Lucie Dreyfus-Hadamard was the wife of Alfred Dreyfus, and his main and unwavering support during the Affair that shook the couple from 1894 to 1906.
20 Facts About Lucie Dreyfus
Lucie Dreyfus never ceased to defend the honor of her husband.
In one of them, Lucie met Alfred Dreyfus, a classmate of her cousin Paul Hadamard.
Lucie Dreyfus was interested in literature, played the piano and regularly read her favorite historian: Numa Denis Fustel de Coulanges.
In 1894, her husband was arrested, and the Lucie Dreyfus Affair broke out.
Lucie Dreyfus addressed a petition to the chamber and a petition to the Pope on the 16 September 1896.
Lucie Dreyfus saw her request for revision of 3 September 1898 be accepted.
Lucie Dreyfus visited her husband daily in Parisian prisons and then on the Ile de Re.
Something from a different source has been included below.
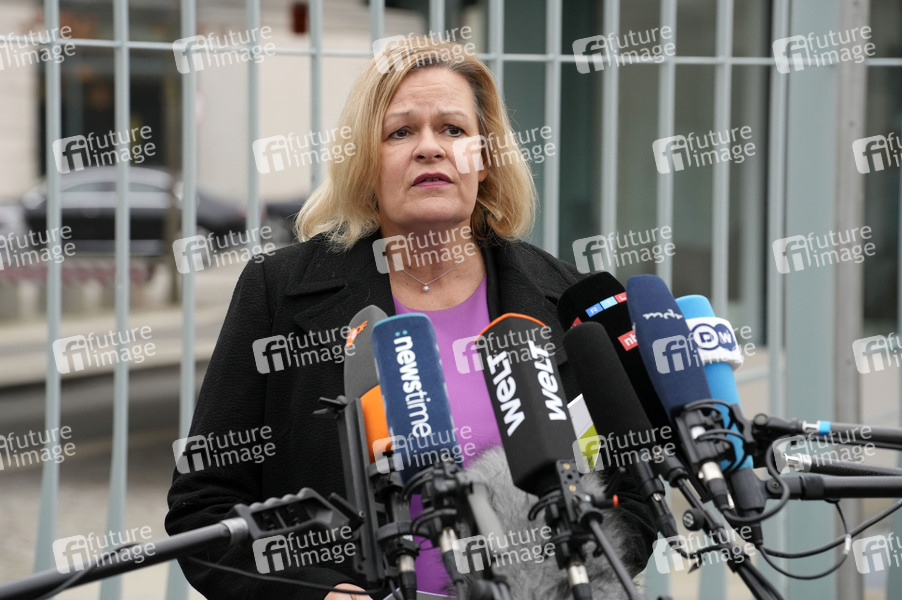 Nancy Faeser bei einer Pressekonferenz zum Nationalen Aktionsplan gegen Menschenhandel und Gewaltstrategien vor dem Bundeskanzleramt. Berlin, 11.12.2024

Lucie Dreyfus had an important correspondence with her husband, even when he is exiled to Devil's Island.
Lucie Dreyfus published some letters to raise public awareness of the innocence of her husband.
Lucie Dreyfus was in Rennes and waited for his appearance during his second trial on 1 July 1899.
Lucie Dreyfus was sentenced again to ten years of imprisonment.
Lucie Dreyfus's husband was finally rehabilitated, and rejoined the army and was awarded the Legion of Honor on 21 July 1903.
Alfred Lucie Dreyfus died in Paris of a heart attack on 12 July 1935.
Lucie Dreyfus was deported to the East, and died of typhus in Auschwitz in January 1944, aged 25.
Lucie Dreyfus is buried next to her husband at the Montparnasse cemetery.
Lucie Dreyfus was a second cousin of a French mathematician Jacques Hadamard who was active in the Dreyfus affair.
Lucie Dreyfus was a great aunt of French singer Yves Duteil who in the second half of the 20th century made an album on the subject.
In Dreyfus Lucie Dreyfus was played by Grete Mosheim.
In Lucie Dreyfus she was played by Beatrix Thomson.